We decompose the database table into (underlined keywords):

(1) User information: user name, email address, home page, telephone number and contact address.

(2) Post information: post ID, title and content.

(3) Reply information: reply ID, title and content.

(4) Release: user name, release ID.

(5) reply: posting ID, reply ID

This design meets the requirements of 1, 2,3 paradigm and BCNF paradigm, but is this design the best?

Not necessarily.

It is observed that the relationship between "user name" and "posting ID" in item 4 is 1: n, so we can merge "posting" into item 2 "posting information"; The relationship between "posting ID" and "reply ID" in item 5 "reply" is also 1: n, so we can merge "reply" into item 3 "reply information". This can reduce data redundancy to some extent. The new design is: (1) User information: user name, email address, home page, telephone number and contact address.

(2) Post information: user name, post ID, title and content.

(3) Reply information: posting ID, reply ID, title and content.

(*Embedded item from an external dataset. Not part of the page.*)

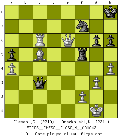 Last move : 1-0 2011 May 31 18:13:37 [Event "FICGS__CHESS__CLASS_M__000042"] [Site "FICGS"] [Date "2010.12.25"] [Round "1"] [White "Clement,George"] [Black "Drazkowski,Krzysztof"] [Result "1-0"] [WhiteElo "2210"] [BlackElo "2211"] 1.e4 c5 2.Nf3 Nc6 3.Bb5 g6 4.Bxc6 dxc6 5.d3 Bg7 6.h3 e5 7.O-O f6 8.Be3 b6 9.a4 a5 10.Na3 Nh6 11.c3 Nf7 12.d4 cxd4 13.cxd4 exd4 14.Nxd4 O-O 15.Qb3 c5 16.Ne2 f5 17.exf5 Bxf5 18.Rad1 Qf6 19.Nf4 Rab8 20.Nd5 Qe6 21.Bf4 Rb7 22.Rfe1 Be4 23.Qb5 Qf5 24.Qc4 Bxd5 25.Rxd5 Qf6 26.Re2 Kh8 27.Qe4 Qc6 28.Nb5 h6 29.h4 Re7 30.Qxe7 Qxd5 31.Nc3 Qd4 32.Bc7 Kg8 33.Qe6 Kh7 34.g3 Qd3 35.Bxb6 Bd4 36.Bc7 Bxc3 37.bxc3 Qxc3 38.Qe7 Kg8 39.Re6 Nh8 40.Bb6 Rf5 41.Rc6 Nf7 42.Qe6 Kh8 43.Bxc5 1-0 Sicilian : Nimzovich-Rossolimo attack (with ...g6, without ...d6) Kingside Castling by player White (move 7) Kingside Castling by player Black (move 14) Player White won this chess game. Follow this game move after move (download)Bobby is the finest Chess player this country ever produced. His memory for the moves, his brilliance in dreaming up combinations, and his fierce determination to win are uncanny. (John Collins) Schach sollte überall auf der Welt Schulfach werden. Es fördert die geistige Auseinandersetzung. Es lehrt die Demut in der Niederlage. (Garry Kasparov) Es el objetivo de la escuela moderna no tratar cada posición de acuerdo a una regla general, sino de acuerdo al principio inherente en la posición. (Richard Reti) Plusieurs personnes se sont demandées comment Tal faisait pour gagner... En fait, c'est très simple ! Il met ses pièces au centre de l'échiquier et les sacrifie quelque part ! (David Bronstein) See no evil, hear no evil, speak no evil. (The 3 monkeys)

The database table 1 obviously meets the requirements of all paradigms;

The key field "posting ID" in Table 2 of the database has some functional dependencies on non-key fields "title" and "content", which does not meet the requirements of the second normal form, but this design will not lead to data redundancy and abnormal operation.

In database table 3, there are some non-key fields "title" and "content" that depend on the key field "reply ID", which does not meet the requirements of the second normal form, but similar to database table 2, this design will not lead to data redundancy and abnormal operation.

It can be seen that it is not necessary to meet the requirements of formal form. For the relationship of 1: n, when one side of 1 is merged with the other side of n, the other side of n no longer meets the second normal form, but this design is better!

For the relationship of M: N, one side of M or one side of N cannot be merged into the other side, which will lead to non-compliance with the requirements of the normal form, abnormal operation and data redundancy.

For the relationship of 1: 1, we can merge 1 on the left or 1 on the right to the other side. The design will not meet the requirements of the normal form, but it will not lead to abnormal operation and data redundancy.